This post explains the improvements to drop to one the number of the copies required to send data over AF_VSOCK. Current mechanism to send packets through virtio-vsock makes two copies before sending it through the virtio-vsock device. The first copy is from the user’s application to the socket buffer. The SysSocketSend() copies the content from the user to a Packet structure. This structure contains the content and the vsock header. The packet is sent to the driver by relying on the SysNetworkSend() function that only accepts packet structures. When the driver gets the packet, the second copy is from the packet to the corresponding virtqueue's ring. This is the available ring of the transmission queue of the virtio-vsock device. During the second copy, we get a free pre-allocated buffer, we copy the content from the user and then we enqueue it into the available ring.

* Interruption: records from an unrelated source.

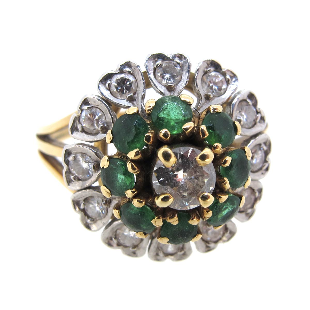 Vintage emerald & diamond triple cluster ring. Central round brilliant cut diamond of approximately .20 carats with a surround of emeralds & a further surround of heart set diamonds. Diameter 16mm. In 18 carat gold with three way split shoulders.
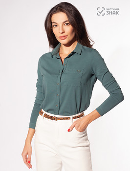 Трикотажная блузка из премиального хлопка. Застежка на планку с золотистыми пуговицами. Спереди один накладной карман. По бокам два разреза с ассиметричной длиной низа. Изделие украшено фирменным логотипом бренда.
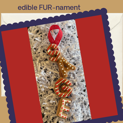 Each FUR-nament is handmade, customizable with up to 6 letters, and baked fresh for the holidays. (please include your pet's name when placing your order.)
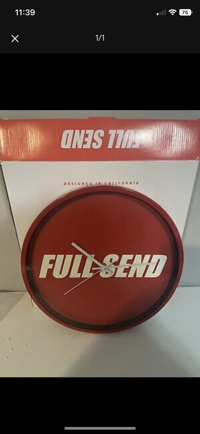 Selling a red wall clock with 'FULL SEND' printed on the face. It's designed in California and comes with its original box!
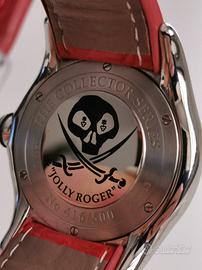 Vendo Corum Bubble Jolly Roger in condizioni come nuovo, completo di scatola e garanzia e doppio cinturino in gomma rivestito in coccodrillo nero e rosso.
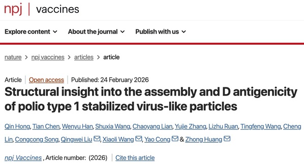2026年2月24日,上海市重大传染病和生物安全研究院黄忠团队、中国科学院分子细胞科学卓越创新中心丛尧团队和华淞(上海)生物科技有限公司王晓黎、刘庆伟团队合作,在NPJ Vaccines发表题为“Structural insight into the assembly and D antigenicity of polio type 1 stabilized virus-like particles”的研究论文。该研究系统报道了利用酵母重组表达系统高效制备PV1的热稳定型病毒样颗粒(Virus-Like Particle,VLP)作为候选疫苗,并通过冷冻电镜系统解析了其组装机制及D-抗原性的结构基础,有助于加快新一代脊灰疫苗的开发,有望为“全球小儿麻痹症根除计划”提供更加安全、高效、可规模化的解决方案。

To drop the number to one, we remove the need of the first copy by reusing the packet's content in the virtio-vsock driver. This modification has been addressed by the github issue https://github.com/torokernel/torokernel/issues/363. Instead of allocating a new buffer, the virtio-vsock buffer reuses the packet buffer. Note that the available ring contains indexes that identify descriptors in the descriptor ring. We make this descriptor to point to user's buffer. After the buffer is consumed by the device, the driver tells the kernel that the packet has been sent and the kernel simply releases the memory allocated for that packet. The mechanism to send packets does not wait for the packet to be sent. It fills the available ring of the transmission queue with packets and returns immediately to the user.
We have benchmarked these changes but the mechanism does not show significant improvements. We use ab to compare two instances of the WebServer appliance. This is an appliance that runs a WebServer over virtio-vsock and gets files by using virtio-fs. This is the appliance that hosts Toro's website. For the benchmark, we use the following command:
ab -c 1 -n 1000 http://127.0.0.1:4000/images/apporikernel.png (133 kb)
In this test, the Requests per second without the changes is 2.27 [#/sec] (mean) whereas the same parameter is 2.28 [#/sec] (mean) with the changes. The time per request is 440.995 [ms] (mean) wo the changes whereas the value with the change is 438.213 [ms] (mean). During this benchmark, we use socat to translate tcp connections to vsock connections.
We removed socat and we launch a ping-pong test with different packet sizes. These are the results with the changes:
request size: 8192 bytes, time: 1138.86 ms
request size: 16384 bytes, time: 1169.71 ms
These are the results without the changes:
request size: 8192 bytes, time: 1131.54 ms
request size: 16384 bytes, time: 1165.18 ms
For some reason, the instance that has two copies takes less time than the instance with a single copy. We require more benchmarks to understand why such a improvement has none effect on these tests. The next step would be to use zero copy by reusing the user’s buffer. This is how it is implemented in the virtio-fs driver in which the user’s buffer is shared with the device.